IMS (Interrupt Message Store] is a new specification which allows
device manufactures to provide implementation defined storage for MSI
messages (as opposed to PCI/MSI and PCI/MSI-X that has a specified
message store which is uniform accross all devices). The PCI/MSI[-X]
uniformity allowed us to get away with "global" PCI/MSI domains.
IMS not only allows to overcome the size limitations of the MSI-X
table, but also gives the device manufacturer the freedom to store the
message in arbitrary places, even in host memory which is shared with
the device.
There have been several attempts to glue this into the current MSI
code, but after lengthy discussions it turned out that there is a
fundamental design problem in the current PCI/MSI-X implementation.

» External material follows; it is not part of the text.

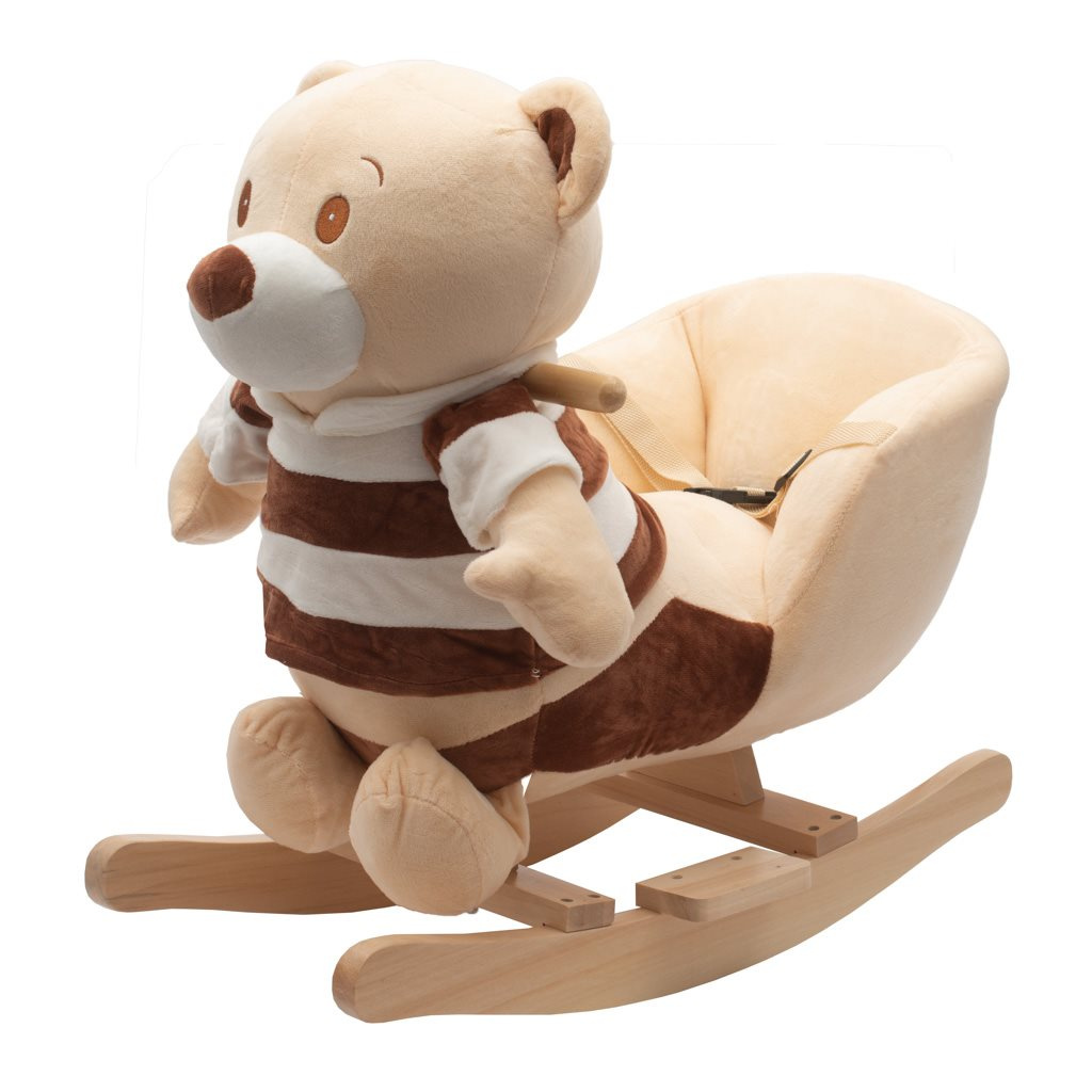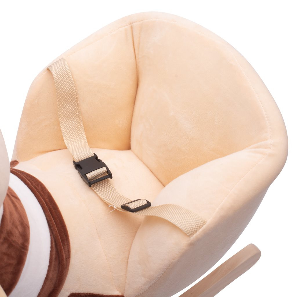 Houpací medvídek PlayTo má sedlo, dřevěné rukojeti a dřevěná stupátka na nohy. Houpání je pro malé děti velmi zábavné procvičuje držení rovnováhy. Medvídek po zmáčknutí tlapky hraje melodii. Dítě si samo dokáže z křesílka dosáhnout na ouško a spustit hudbu. Medvídek je vyroben z kvalitního měkkého plyšového materiálu, díky čemuž si Vaše dítě může dlouho užívat skvělou zábavu. Sedlo je díky optimálnímu tvaru pohodlné a bezpečné. Dítě lze připoutat pomocí bezpečnostního pásu.
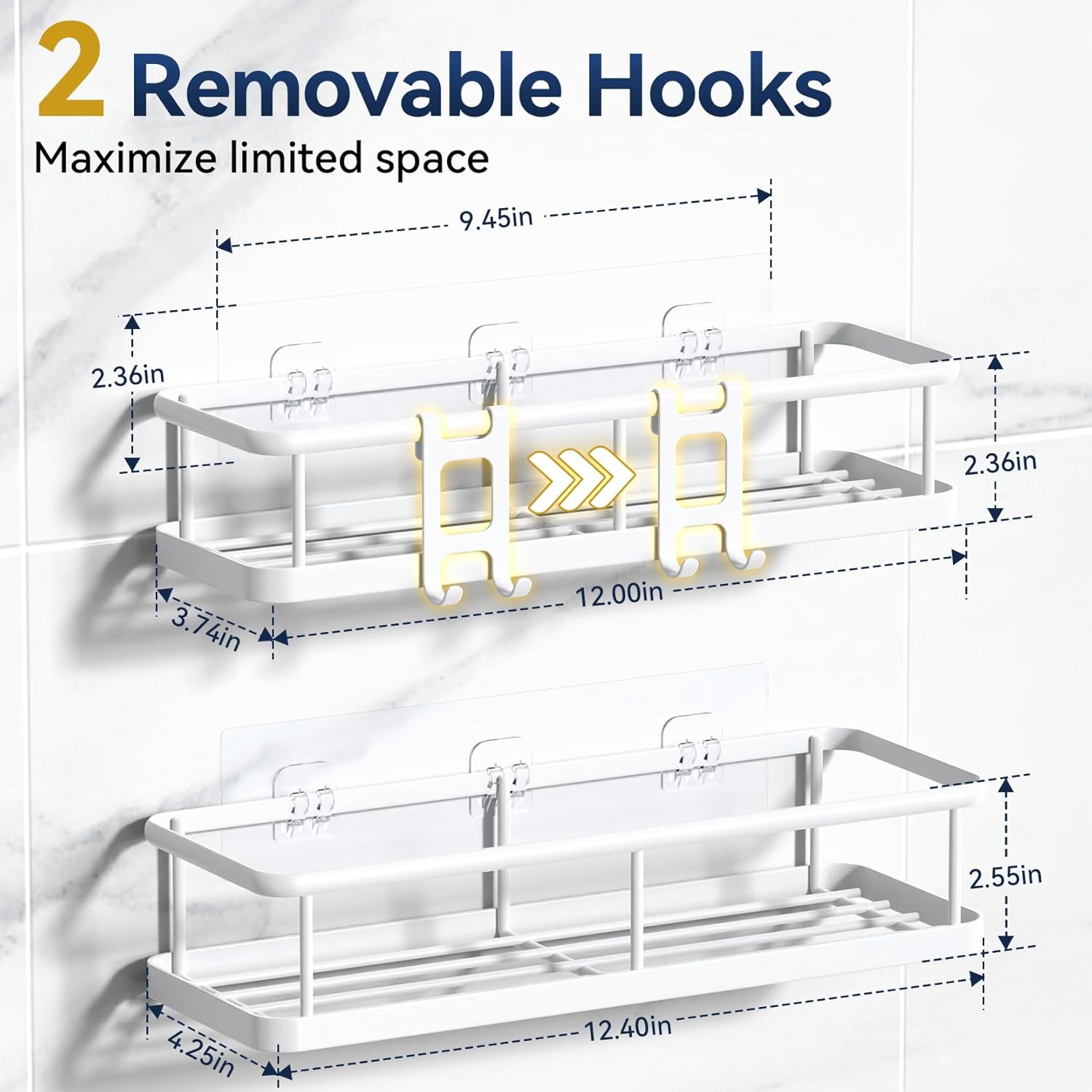 YASONIC Shower Caddy Adhesive, No Drill Bathroom Shower Organizers, with Removable Hooks, Rust Proof Shower Shelves, Wall-Mounted Shower Holder, White, 2 Pack

This needs some historical background.
When PCI/MSI[-X] support was added around 2003, interrupt management
was completely different from what we have today in the actively
developed architectures. Interrupt management was completely
architecture specific and while there were attempts to create common
infrastructure the commonalities were rudimentary and just providing
shared data structures and interfaces so that drivers could be written
in an architecture agnostic way.
The initial PCI/MSI[-X] support obviously plugged into this model
which resulted in some basic shared infrastructure in the PCI core
code for setting up MSI descriptors, which are a pure software
construct for holding data relevant for a particular MSI interrupt,
but the actual association to Linux interrupts was completely
architecture specific. This model is still supported today to keep
museum architectures and notorious stragglers alive.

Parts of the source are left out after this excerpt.